The situation is especially dire for Puget Sound because of the way ocean currents work in our region. Since 2005, billions of oyster larvae in Puget Sound hatcheries have been decimated, resulting in significant loss in production and signaling profound impacts to Washington’s marine environment.
What’s being done about it? Over the last few years, a number of studies have been initiated both locally and around the world to understand the impacts and mitigate ocean acidification. A quick summary:
Washington State is a leader in taking action on ocean acidification. Former Governor Christine Gregoire created the Washington State Blue Ribbon Panel on Ocean Acidification, which convened February 2012. The panel created a report: Ocean Acidification: From Knowledge to Action (November 2012) and recommended 42 separate actions.
United States. The Federal Ocean Acidification Research and Monitoring (FOARAM) Act was enacted in 2009. Its purpose was to monitor and conduct research, establish an interagency research and monitoring program, establish a program in NOAA, assess impacts, and research adaptation strategies and techniques.
NOAA established its Ocean Acidification Program May 2011. The Interagency Working Group, which is chaired by NOAA, put out the Initial Report on Federally Funded Ocean Acidification Research and Monitoring Activities and Progress in Developing a Strategic Plan in March 2011. This report has a comprehensive outline for a Strategic Research Plan for Ocean Acidification.
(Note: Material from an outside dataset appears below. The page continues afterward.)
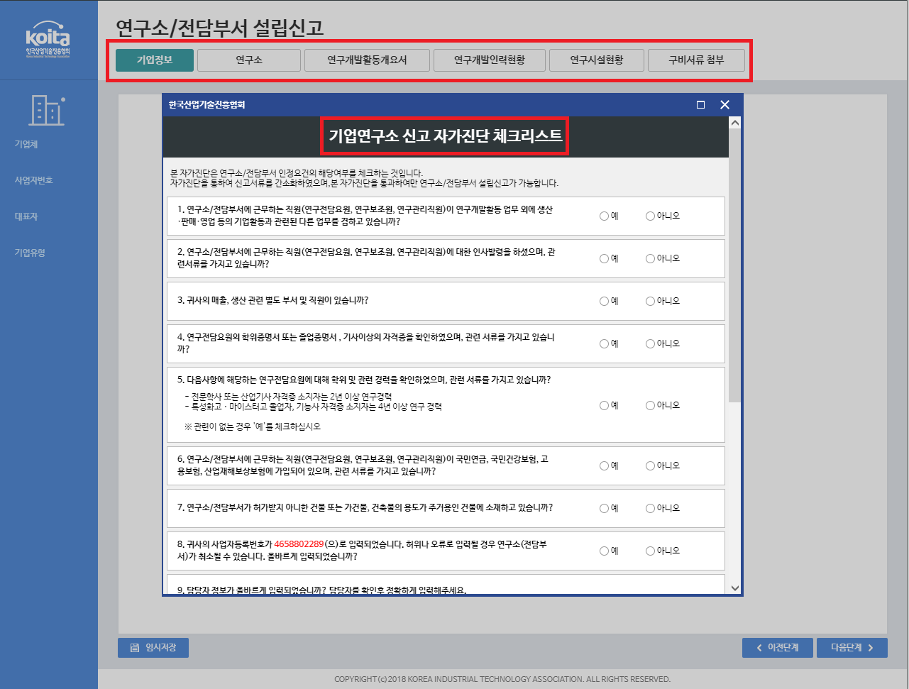 3. 기업연구소 신고 자가진단 체쿠리스트 완료 후 기업정보, 연구소 연구개발활동개요서, 연구개발인력현황, 연구시설현황, 구비서류 첨부 후 제출
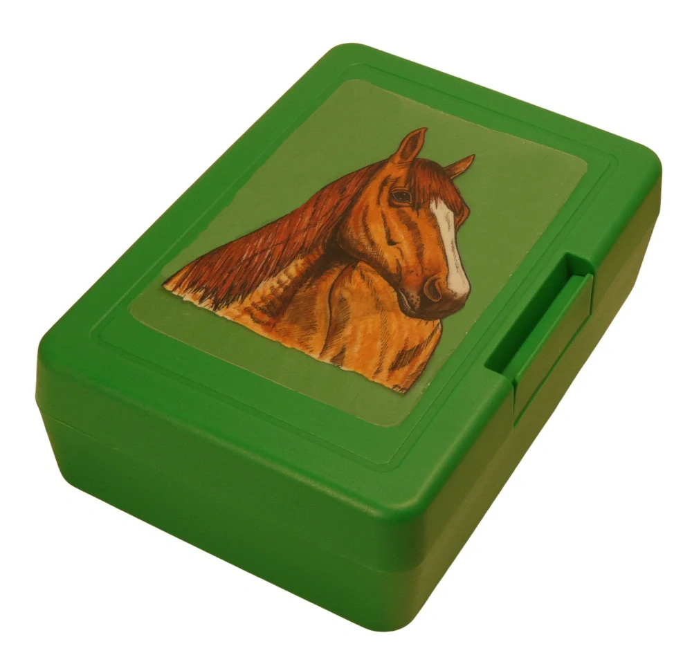 Plastový svačinový box s barevným potiskem koně plemene Quarter horse. Vhodný k uložení nejen klasické svačiny, ale i dalších potravin jako např. sušeného ovoce a oříšků, sušenek a jiných dobrot. Svou velikostí je velmi vhodný dětem do školních aktovek a batohů, do školy i na výlety.

World. The European Project on OCean Acidification was founded in 2008 and lasted four years. It had a consortium of 160 researchers from 32 institutes and 10 European countries. Although the project is over now, the website has a number of documents that may be downloaded.
While some important research has been done on the topic of ocean acidification, and some stopgap measures have been put in place (for example, to protect local oyster farms), we are a long way from solving this complex issue. The work has only just begun.